= Martin Wright (bioengineer) =

British bioengineer (1912–2001)

Basil Martin Wright (20 December 1912 – 4 March 2001) was a British bioengineer who invented several notable medical instruments, including the peak flow meter and syringe driver. The "alcolmeter" he developed won a Queen's Award for Industry and is the breathalyser most often used at the road-side in the United Kingdom.

==Early life==
Wright was born in Dulwich, the son of a clergyman of the Church of England, and was educated at Winchester College and Trinity College, Cambridge, where he graduated with a first in physiology. He then proceeded to St Bartholomew's Hospital and qualified as a doctor in 1938.

==Career==
After his time at Bart's as a medical registrar, in 1942 Wright joined the Royal Army Medical Corps to work as a pathologist. During the Second World War he was posted to Sierra Leone, and after the war to Singapore, where he organized the reinstatement of medical laboratory services. He rose to the rank of Colonel, and after demobilization continued to work as a pathologist, before joining the Medical Research Council for a new unit at Llandaff Hospital studying pneumoconiosis.
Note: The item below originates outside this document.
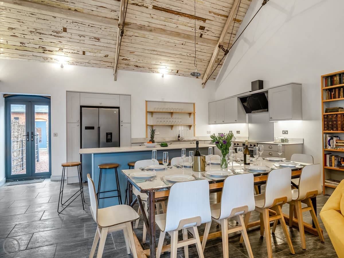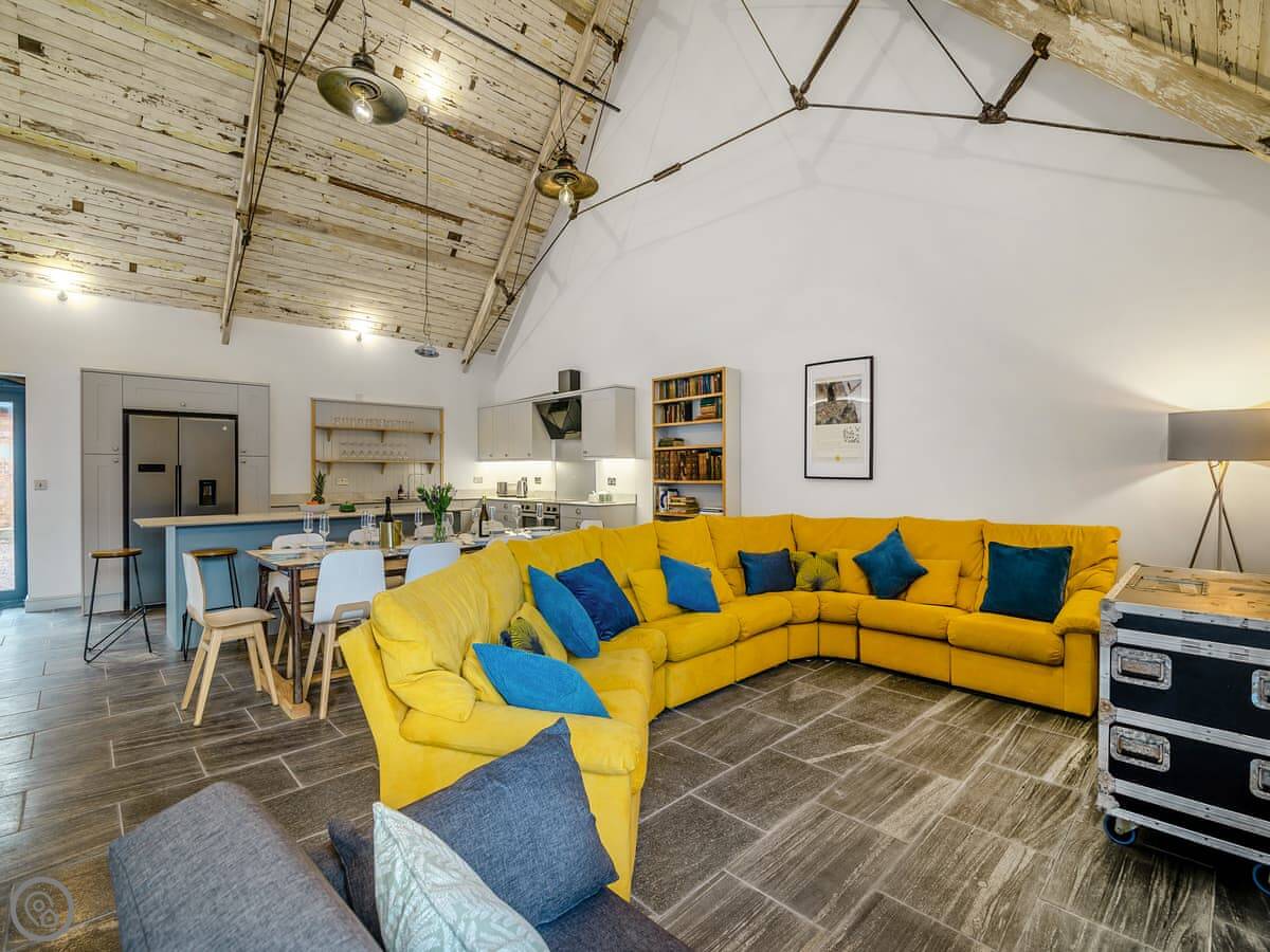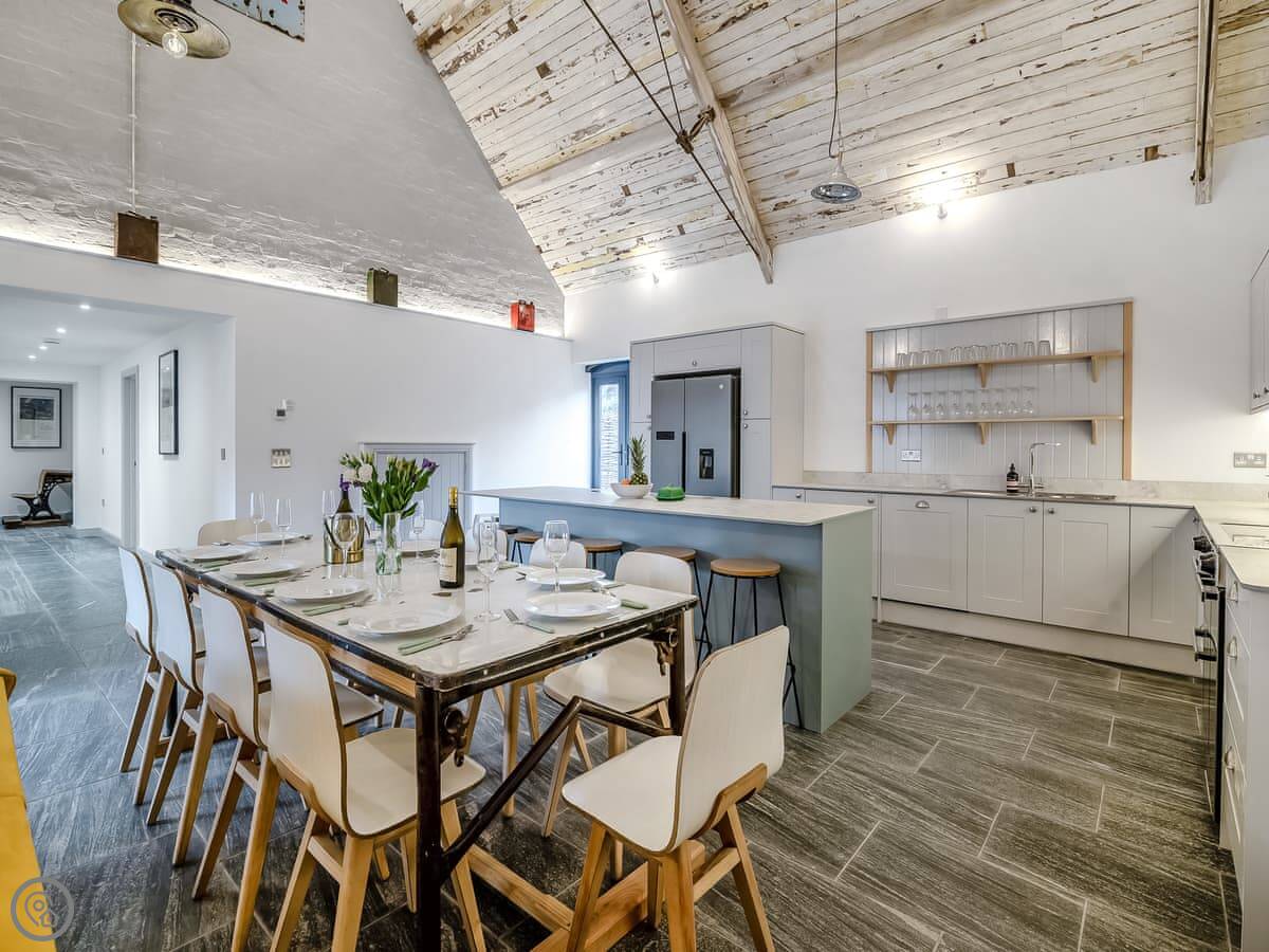 Downstairs is mostly one big open room. Kitchen at one end, sofas and a big table at the other. The kitchen is well fitted, with a dishwasher and a big range cooker. The second living area is upstairs, with two sofa beds. Good for kids to have their own space.

The unit needed equipment which did not then exist, and Wright developed it himself. To measure lung function, in 1956 he invented the peak flow meter. After the research unit's results were published in 1959, "peak flow" became a standard measure of respiratory function for most lung diseases. Millions of peak flow meters have since been produced.

Wright went on to develop several other medical innovations.